Homem de máscara no Rio de Janeiro (5 de abril de 2020): América Latina se prepara para a recessão mais profunda da história moderna (Fabio Teixeira/NurPhoto/Getty Images)
Ligia Tuon
Publicado em 10 de abril de 2020 às 08h02.
Última atualização em 10 de abril de 2020 às 08h02.
A economia da América Latina já estava em desaceleração quando o coronavírus surgiu. Agora, o continente corre risco de perder uma década inteira e ter de lidar com democracias ainda mais frágeis.
Como a maior parte do mundo, a região se prepara para a recessão mais profunda da história moderna. O Bank of America projeta que o PIB da região deve encolher 4,4% neste ano sob o impacto da propagação da doença.
Mas o que distingue a América Latina é que a renda já vinha caindo há anos, em parte devido aos preços mais baixos das commodities. Além disso, o aumento da dívida pública na região limita as ferramentas de estímulo disponíveis em países desenvolvidos.

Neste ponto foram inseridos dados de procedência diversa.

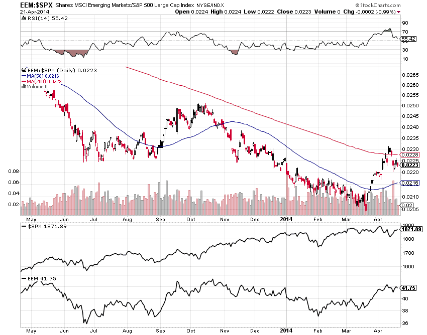 I’m watching emerging market weakness vs the S&P 500 to see if weakness persists, or whether investors increase their risk appetite and place their bets on emerging market recovery.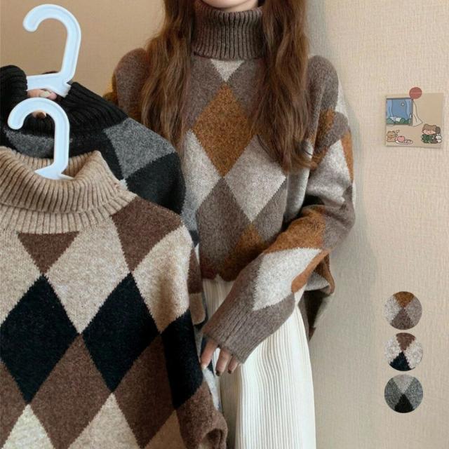 レディース ハイネック ニットセーター 秋冬 ニットプルオーバー カジュアル 韓国ファッション あたたか ニットウエア配色感はレトロな雰囲気が漂うアーガイル柄タートルネックニットトップス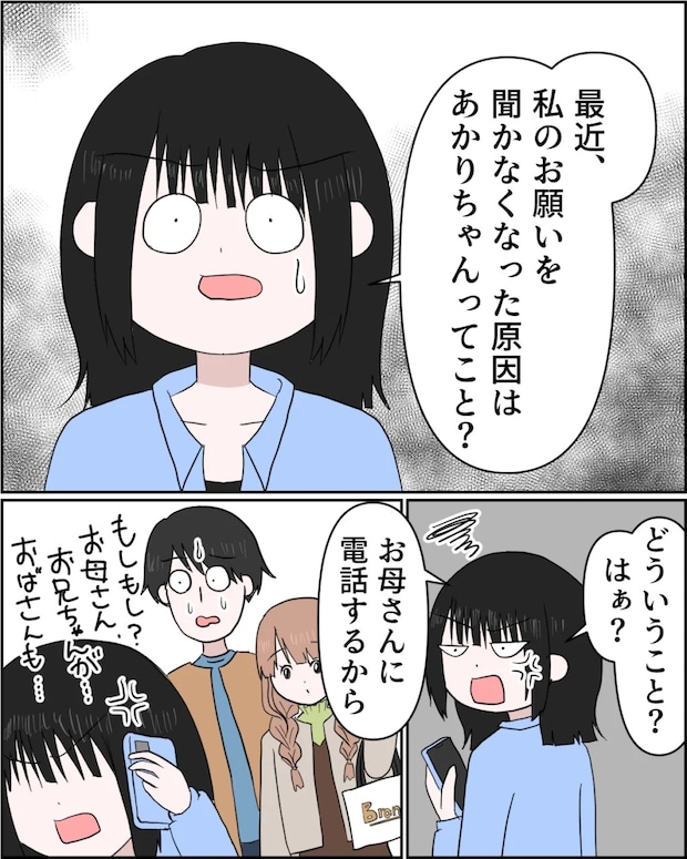 年の離れた妹の舞花さんを溺愛し、頼まれるがまま何でも買ってしまう夫の謙介さんにモヤモヤする妻の梓さん。誕生日プレゼントとして15万円もするカバンを舞花さんからねだられた謙介さんは「兄の威厳を保ちたい」という理由でカバンを贈ろうとしている様子。しかし、自分のお小遣いの金額をはるかに超えたプレゼントのため謙介さんはお小遣いの前借りや給料管理を任せてほしいと言い出しますが、金銭管理ができない謙介さんに家計を任せられるはずもなく、梓さんは即却下。一度は諦めたように見えたものの、その後謙介さんは頻繁に外出するようになり、クレジットカードの利用も増加。怪しんだ梓さんが謙介さんのスマホを見ると、義妹よりも年下の従妹あかりさんとの頻繁なやり取りを発見。社会人として相談に乗ってほしいと言われて連絡先を交換したようですが、謙介さんが送っている内容はデレデレのおじさん構文。あかりさんにスーツやバッグを買い与え、カップル限定ディナーのレストランに誘われ浮かれた様子の謙介さんに呆れた梓さんはしっかり釘をさし、しばらく大人しくなった謙介さん。しかし、ある休日に梓さんが念のためカードの利用明細を確認すると、なんとリボ払いの支払い履歴がありました。まさかと思いGPSで謙介さんの居場所を確認すると、位置情報は例のレストランになっていて、強い怒りを覚える梓さん。義実家へ向かった梓さんは、舞花さんに謙介さんから誕生日プレゼントを買ってもらったか確認し、まだ買ってもらっていないと言う舞花さんに一緒に見に行こうと言って連れ出しました。すると、梓さんの予想通り鼻の下を伸ばしてあかりさんと歩く謙介さんを発見。2人の姿に気づいた舞花さんは、あかりさんが持っているハイブランドのショッパーを見て「お兄ちゃん!」と鬼の形相で駆け寄りました。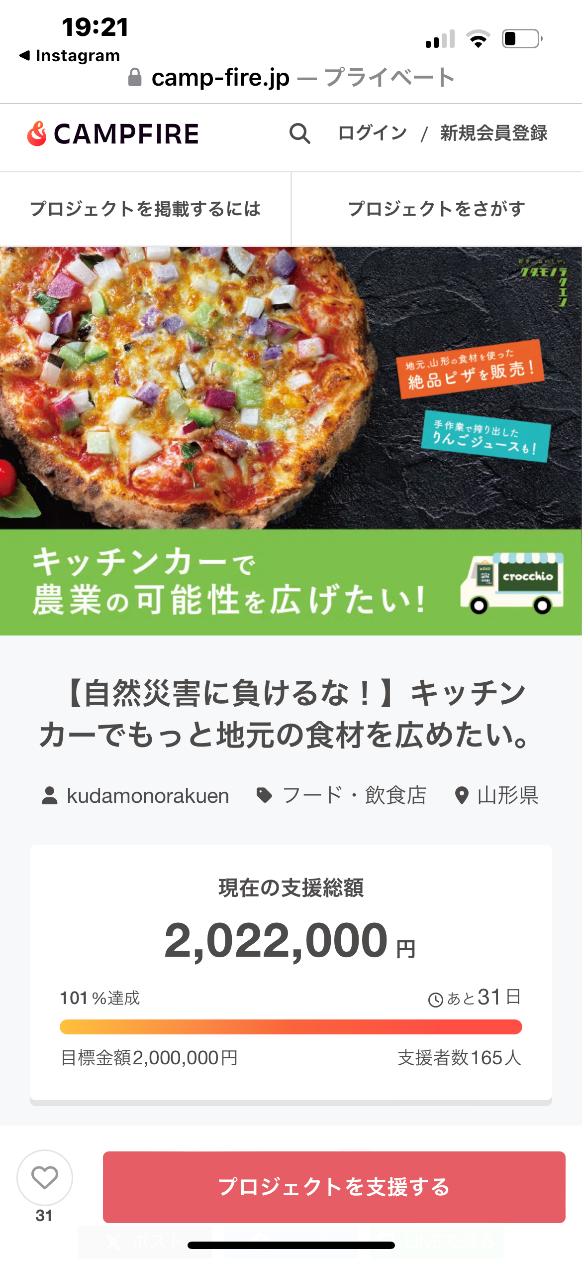 2024/11/14 19:41皆様のおかげさまをもちまして本日目標にしていた200万をクリアーいたしました‼こんなに沢山のご支援をいただき誠にありがとうございました!このお気持ち大切に活用させていただきます!目標金額に達したのでここで終了する事も考えましたが残りの日数もまだ1か月以上残っておりキッチンカーの総工費が700万円近くに上る事を考えるとまだまだ資金が不足しております!!図々しいお願いかもしれませんがこのままこのプロジェクトを継続させ多くの方に我々のミッションを知って頂き、農業の可能性をさらに広げていければと思います!!どこまで伸ばせるかは未知数ですが何卒この先もご支援頂ければ嬉しく思います!必ず農業で恩返しする事をお約束します!!あと残り約1カ月!!よろしくお願いいたします!!!! もっと見る

E proteger os empregos é muito mais difícil de qualquer maneira, porque mais da metade da força de trabalho da América Latina está na economia informal.
O resultado pode literalmente ser uma década perdida, de acordo com Alejandro Werner, diretor para o hemisfério ocidental do Fundo Monetário Internacional. Considerando a recessão e a velocidade potencial da recuperação, o PIB per capita na América Latina não mostrará crescimento até 2025 em comparação com os níveis de 2015, disse.
As previsões atualizadas do FMI que serão divulgadas na próxima semana devem indicar a recessão mais forte já registrada. Pode haver números piores de economias individuais em algum lugar dos livros de história, disse Werner, “mas você nunca teve um ano em que todos os países sofrem uma profunda retração”.
Se o padrão da América Latina se repetir, esse quadro deve resultar em mais problemas nas ruas e talvez até uma ameaça à democracia.
A região mais desigual e violenta do mundo foi abalada por protestos no ano passado, atingindo até países historicamente estáveis como o Chile. Economias em crise conduziram mudanças radicais à esquerda e à direita da política. E, se os líderes não conseguirem proteger cidadãos vulneráveis da pandemia, a confiança no sistema poderá se deteriorar ainda mais.
“Você corre o risco de ter uma epidemia, uma crise econômica, uma crise social e uma crise política, tudo ao mesmo tempo”, disse Monica de Bolle, integrante sênior do Instituto Peterson de Economia Internacional, em Washington.
Muitos países já sofrem alguma combinação dos fatores acima.
Argentina e Equador estão à beira do default da dívida. A economia da Venezuela entrou em colapso durante a hiperinflação anos atrás, provocando o êxodo de milhões de refugiados, alguns dos quais agora são obrigados a retornar devido à pandemia. O desemprego no Brasil se mantém acima de 10% pelo quarto ano seguido.
A violência é predominante: das 50 cidades globais com as maiores taxas de homicídios, a América Latina abriga 43 delas. A guerra às drogas no México elevou os assassinatos a níveis recordes no ano passado.
E o vírus atinge especialmente países que enfrentaram os maiores protestos no ano passado, como Chile e Equador. Neste último, que possui uma das maiores taxas de infecção per capita do continente, corpos são abandonados nas ruas.
O desafio de oferecer benefícios em dinheiro às famílias é exacerbado pelo tamanho da economia informal, que responde por cerca de 140 milhões de pessoas, ou mais da metade da força de trabalho, segundo o Banco Interamericano de Desenvolvimento.
“A informalidade econômica, combinada com uma rede de segurança social muito reduzida, significa que isso será muito difícil”, disse Arturo Porzecanski, professor de economia da American University.